На расстоянии меньше, чем вытянутой руки, совсем близко…
— Калинина? Ау! Ты там об подушку второй раз ударилась?
— Нет.
— Ну так звони тогда Глебу!
Идеальному Кену, которого разлюбить я обещала.
Я смогла провести в его компании целый вечер перед неврологией. Я разговаривала с ним, смотрела в серые глаза и до слёз только хохотала. Я даже поинтересовалась, поддерживая Кузнецова, как каникулы в Москве чета Измайловых провела.
Ответ мы, правда, получили весьма расплывчатый, но…
…но попросить забрать, чтобы не опоздать и не заработать реферат с его пересказом… это ведь не слож-но?
Это по-дружески, да?
Глупо не попробовать, а ещё весьма красноречиво, что свое обещание я не сдержала, что меня не отпустило, что в тот вечер, когда все готовились, а мы, осознав непостижимость всех путей и перекрестов в неврологии, развлекались, я врала.
Себе, ему, Ивницкой.
— Сейчас, — я, сдаваясь, процедила сквозь зубы.

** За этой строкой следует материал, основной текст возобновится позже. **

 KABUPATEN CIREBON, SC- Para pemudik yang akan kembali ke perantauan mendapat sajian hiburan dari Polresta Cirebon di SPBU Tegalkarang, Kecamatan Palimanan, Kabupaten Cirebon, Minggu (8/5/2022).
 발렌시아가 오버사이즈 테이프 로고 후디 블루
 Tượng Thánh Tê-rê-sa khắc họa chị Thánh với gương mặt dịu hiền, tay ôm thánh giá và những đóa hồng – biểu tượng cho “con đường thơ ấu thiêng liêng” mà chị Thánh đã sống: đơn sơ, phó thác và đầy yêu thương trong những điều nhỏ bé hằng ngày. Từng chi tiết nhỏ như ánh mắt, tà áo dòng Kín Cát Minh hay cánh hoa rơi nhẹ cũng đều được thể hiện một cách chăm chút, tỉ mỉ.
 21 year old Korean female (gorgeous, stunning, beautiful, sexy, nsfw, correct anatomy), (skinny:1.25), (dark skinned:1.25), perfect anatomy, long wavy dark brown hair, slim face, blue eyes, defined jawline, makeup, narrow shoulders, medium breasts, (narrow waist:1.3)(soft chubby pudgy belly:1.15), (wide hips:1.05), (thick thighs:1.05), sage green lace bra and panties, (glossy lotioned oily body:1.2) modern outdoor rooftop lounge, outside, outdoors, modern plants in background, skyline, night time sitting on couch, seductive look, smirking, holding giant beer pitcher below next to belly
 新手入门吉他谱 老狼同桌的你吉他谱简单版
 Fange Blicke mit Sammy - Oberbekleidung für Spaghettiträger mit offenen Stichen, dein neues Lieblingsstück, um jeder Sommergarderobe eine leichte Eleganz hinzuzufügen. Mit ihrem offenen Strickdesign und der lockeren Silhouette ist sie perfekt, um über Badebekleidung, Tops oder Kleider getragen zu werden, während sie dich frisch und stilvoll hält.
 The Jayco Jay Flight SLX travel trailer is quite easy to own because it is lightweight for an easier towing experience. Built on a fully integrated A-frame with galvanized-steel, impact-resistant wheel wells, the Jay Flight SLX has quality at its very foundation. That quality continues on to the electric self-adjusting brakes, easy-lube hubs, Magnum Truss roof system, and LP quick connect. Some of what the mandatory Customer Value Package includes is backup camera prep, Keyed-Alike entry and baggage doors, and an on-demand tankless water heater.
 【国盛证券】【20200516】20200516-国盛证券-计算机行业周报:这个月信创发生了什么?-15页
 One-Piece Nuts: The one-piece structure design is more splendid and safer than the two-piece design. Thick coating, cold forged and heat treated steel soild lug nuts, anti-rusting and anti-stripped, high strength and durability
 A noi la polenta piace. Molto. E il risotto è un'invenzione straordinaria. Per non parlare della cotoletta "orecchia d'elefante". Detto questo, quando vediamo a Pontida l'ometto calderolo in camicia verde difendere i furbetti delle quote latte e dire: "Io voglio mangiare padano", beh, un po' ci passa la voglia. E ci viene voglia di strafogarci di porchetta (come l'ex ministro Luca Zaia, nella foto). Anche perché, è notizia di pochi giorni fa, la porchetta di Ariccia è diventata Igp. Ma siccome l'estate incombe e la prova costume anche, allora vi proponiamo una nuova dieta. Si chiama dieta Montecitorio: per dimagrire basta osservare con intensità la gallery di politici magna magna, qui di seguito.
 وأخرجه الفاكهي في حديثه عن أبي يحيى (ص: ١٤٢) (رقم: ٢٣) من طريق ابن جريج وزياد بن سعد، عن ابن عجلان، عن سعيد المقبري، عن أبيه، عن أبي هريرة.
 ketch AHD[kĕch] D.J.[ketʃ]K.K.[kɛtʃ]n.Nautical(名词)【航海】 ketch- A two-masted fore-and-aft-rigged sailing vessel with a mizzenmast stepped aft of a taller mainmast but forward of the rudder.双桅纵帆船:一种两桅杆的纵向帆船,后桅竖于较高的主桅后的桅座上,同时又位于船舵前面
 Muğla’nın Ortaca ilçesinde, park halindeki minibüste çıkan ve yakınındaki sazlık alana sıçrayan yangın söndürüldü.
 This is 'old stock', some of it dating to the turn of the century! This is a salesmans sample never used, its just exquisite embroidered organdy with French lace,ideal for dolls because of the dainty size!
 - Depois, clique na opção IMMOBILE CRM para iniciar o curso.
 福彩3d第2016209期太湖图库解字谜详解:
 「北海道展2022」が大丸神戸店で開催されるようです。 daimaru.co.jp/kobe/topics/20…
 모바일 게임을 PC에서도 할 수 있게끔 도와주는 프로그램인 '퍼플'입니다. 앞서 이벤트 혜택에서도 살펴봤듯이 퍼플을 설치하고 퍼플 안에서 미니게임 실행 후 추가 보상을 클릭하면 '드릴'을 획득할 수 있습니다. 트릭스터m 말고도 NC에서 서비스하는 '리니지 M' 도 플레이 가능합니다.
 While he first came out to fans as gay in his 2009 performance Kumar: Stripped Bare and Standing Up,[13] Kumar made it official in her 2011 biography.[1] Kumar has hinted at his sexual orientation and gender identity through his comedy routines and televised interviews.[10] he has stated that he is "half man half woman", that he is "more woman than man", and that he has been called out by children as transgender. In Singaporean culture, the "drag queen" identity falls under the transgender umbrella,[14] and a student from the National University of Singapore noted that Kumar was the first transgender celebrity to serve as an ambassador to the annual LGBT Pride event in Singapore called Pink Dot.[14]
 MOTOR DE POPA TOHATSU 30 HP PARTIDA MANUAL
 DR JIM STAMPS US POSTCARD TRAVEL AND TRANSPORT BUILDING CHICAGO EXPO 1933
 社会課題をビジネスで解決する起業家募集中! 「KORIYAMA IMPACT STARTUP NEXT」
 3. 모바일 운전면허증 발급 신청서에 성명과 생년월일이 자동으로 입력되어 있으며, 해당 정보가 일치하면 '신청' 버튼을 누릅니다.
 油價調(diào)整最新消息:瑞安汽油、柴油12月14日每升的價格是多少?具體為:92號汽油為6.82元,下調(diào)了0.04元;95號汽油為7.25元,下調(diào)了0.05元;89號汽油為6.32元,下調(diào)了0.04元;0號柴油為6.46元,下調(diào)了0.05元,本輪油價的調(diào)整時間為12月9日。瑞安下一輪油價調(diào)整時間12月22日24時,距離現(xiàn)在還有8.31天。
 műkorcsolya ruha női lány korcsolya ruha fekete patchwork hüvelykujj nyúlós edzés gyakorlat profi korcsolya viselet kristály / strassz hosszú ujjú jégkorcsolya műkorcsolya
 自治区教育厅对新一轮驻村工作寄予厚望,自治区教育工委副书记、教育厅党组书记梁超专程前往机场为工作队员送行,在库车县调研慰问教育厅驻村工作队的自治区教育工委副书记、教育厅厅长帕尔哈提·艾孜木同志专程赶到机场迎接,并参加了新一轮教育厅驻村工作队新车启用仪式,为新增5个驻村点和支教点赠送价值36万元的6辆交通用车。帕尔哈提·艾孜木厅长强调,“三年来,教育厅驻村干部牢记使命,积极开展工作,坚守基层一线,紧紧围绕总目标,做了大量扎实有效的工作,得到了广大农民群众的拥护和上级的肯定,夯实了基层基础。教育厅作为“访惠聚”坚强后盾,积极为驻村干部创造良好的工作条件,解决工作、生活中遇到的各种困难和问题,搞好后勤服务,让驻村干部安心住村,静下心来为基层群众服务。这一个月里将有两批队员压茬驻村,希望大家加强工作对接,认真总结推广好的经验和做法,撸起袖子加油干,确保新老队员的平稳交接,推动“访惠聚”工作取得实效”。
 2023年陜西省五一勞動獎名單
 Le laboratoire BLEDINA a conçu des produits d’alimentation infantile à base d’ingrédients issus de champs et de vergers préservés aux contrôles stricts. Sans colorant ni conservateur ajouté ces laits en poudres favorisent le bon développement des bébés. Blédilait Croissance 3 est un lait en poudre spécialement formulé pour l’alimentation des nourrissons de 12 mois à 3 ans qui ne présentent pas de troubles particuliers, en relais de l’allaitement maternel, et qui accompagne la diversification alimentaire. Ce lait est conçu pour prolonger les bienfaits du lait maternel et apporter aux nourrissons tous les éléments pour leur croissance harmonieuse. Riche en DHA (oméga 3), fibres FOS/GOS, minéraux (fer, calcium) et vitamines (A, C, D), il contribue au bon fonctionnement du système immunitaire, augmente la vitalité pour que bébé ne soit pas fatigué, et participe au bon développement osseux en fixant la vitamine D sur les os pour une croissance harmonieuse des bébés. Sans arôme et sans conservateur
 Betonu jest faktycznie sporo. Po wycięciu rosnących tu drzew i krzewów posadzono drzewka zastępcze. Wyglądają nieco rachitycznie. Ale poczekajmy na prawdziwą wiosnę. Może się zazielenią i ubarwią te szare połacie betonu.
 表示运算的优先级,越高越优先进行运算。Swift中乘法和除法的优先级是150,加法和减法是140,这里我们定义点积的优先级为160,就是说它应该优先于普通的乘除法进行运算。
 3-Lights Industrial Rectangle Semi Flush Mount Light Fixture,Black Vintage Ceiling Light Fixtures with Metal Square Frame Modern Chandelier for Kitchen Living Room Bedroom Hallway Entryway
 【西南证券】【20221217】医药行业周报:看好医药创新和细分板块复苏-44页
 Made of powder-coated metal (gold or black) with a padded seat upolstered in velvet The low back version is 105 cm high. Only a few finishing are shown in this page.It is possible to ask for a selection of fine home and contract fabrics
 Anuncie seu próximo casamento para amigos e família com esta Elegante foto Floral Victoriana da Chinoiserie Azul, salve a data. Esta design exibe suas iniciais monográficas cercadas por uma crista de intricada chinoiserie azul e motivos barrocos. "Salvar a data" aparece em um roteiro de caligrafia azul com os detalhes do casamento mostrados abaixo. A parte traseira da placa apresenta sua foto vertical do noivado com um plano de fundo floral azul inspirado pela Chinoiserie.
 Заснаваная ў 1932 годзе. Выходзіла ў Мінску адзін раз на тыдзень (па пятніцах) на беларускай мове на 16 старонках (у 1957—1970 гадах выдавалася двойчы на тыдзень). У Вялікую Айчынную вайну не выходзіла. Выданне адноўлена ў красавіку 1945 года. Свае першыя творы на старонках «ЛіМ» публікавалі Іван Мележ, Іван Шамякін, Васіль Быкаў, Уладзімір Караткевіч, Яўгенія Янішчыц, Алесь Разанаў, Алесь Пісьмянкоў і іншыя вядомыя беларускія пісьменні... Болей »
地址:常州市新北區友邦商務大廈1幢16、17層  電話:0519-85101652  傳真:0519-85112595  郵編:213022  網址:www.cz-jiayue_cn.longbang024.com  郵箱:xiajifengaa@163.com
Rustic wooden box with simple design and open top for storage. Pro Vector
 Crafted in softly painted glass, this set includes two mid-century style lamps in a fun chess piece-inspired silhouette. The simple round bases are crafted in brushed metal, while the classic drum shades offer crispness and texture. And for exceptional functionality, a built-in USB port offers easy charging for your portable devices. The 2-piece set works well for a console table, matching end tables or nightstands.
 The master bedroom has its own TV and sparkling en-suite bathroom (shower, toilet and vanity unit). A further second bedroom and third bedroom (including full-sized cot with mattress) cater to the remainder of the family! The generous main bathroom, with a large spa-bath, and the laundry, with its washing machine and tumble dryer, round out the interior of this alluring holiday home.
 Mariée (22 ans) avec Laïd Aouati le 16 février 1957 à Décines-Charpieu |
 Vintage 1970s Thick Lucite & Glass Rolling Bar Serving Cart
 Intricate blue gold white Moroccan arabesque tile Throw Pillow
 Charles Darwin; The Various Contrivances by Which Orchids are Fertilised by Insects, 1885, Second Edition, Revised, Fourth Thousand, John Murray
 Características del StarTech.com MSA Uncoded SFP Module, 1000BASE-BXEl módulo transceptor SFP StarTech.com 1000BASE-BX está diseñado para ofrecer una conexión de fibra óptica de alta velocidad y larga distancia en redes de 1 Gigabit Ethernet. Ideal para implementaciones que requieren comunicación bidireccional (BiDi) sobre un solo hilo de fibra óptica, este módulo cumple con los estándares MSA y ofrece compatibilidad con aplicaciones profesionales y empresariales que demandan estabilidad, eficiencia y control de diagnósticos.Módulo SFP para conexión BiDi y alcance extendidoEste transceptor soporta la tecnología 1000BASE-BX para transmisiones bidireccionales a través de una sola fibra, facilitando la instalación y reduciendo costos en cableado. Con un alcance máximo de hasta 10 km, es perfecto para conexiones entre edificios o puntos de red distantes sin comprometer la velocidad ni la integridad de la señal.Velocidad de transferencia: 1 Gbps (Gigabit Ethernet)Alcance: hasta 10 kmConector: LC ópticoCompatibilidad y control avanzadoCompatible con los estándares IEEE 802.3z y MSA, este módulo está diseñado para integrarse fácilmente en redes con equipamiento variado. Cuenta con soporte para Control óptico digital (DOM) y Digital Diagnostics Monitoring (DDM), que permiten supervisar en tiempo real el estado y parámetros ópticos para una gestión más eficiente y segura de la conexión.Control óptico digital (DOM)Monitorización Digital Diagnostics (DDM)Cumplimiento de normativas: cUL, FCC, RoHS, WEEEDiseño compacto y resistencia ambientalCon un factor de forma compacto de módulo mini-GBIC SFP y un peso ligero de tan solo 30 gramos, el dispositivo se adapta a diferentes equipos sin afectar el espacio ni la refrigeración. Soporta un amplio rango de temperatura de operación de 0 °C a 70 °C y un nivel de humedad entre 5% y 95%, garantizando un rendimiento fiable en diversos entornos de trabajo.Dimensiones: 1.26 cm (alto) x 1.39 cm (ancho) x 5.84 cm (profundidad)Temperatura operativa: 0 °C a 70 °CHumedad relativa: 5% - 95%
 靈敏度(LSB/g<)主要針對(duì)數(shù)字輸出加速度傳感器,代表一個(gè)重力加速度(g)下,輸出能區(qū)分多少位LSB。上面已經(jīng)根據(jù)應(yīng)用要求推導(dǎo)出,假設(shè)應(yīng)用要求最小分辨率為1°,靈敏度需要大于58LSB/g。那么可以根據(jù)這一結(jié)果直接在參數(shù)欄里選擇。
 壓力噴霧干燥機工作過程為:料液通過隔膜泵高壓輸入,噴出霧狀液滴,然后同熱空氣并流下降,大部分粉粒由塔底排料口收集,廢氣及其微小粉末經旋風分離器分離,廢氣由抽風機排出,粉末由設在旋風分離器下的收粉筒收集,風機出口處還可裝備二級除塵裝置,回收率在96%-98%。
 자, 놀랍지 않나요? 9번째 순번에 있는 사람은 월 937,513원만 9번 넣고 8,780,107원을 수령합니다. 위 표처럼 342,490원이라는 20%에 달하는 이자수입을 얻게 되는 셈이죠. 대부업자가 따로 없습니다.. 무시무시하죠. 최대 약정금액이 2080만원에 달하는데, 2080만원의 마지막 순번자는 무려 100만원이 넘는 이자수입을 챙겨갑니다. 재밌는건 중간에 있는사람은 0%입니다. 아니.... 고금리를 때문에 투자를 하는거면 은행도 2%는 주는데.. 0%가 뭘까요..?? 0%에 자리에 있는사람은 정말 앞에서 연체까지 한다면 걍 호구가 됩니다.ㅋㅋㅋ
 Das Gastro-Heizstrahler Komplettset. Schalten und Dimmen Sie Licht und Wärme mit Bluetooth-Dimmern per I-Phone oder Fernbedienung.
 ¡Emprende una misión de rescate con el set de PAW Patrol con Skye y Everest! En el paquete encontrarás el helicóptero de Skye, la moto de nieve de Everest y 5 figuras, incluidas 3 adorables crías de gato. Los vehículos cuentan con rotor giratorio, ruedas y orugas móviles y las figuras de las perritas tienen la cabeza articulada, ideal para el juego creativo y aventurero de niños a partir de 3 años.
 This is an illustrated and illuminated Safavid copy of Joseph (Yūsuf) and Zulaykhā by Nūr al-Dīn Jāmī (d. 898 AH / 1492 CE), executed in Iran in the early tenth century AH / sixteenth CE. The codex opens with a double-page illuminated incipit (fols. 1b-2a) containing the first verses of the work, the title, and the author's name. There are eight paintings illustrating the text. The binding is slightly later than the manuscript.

Оказалась через пятнадцать минут на переднем пассажирском месте, которое когда-то давно и невзаправду я себе застолбила, отбила у не особо возражавшей Ивницкой. Теперь же это место куда более законно принадлежало Карине.
Только думать об этом не стоило.
— А на обочине трассы ты всё ж хорошо смотришься, — Глеб, привычно игнорируя все приветствия, ухмыльнулся мерзопакостно.
И уже готовое спасибо я оставила при себе.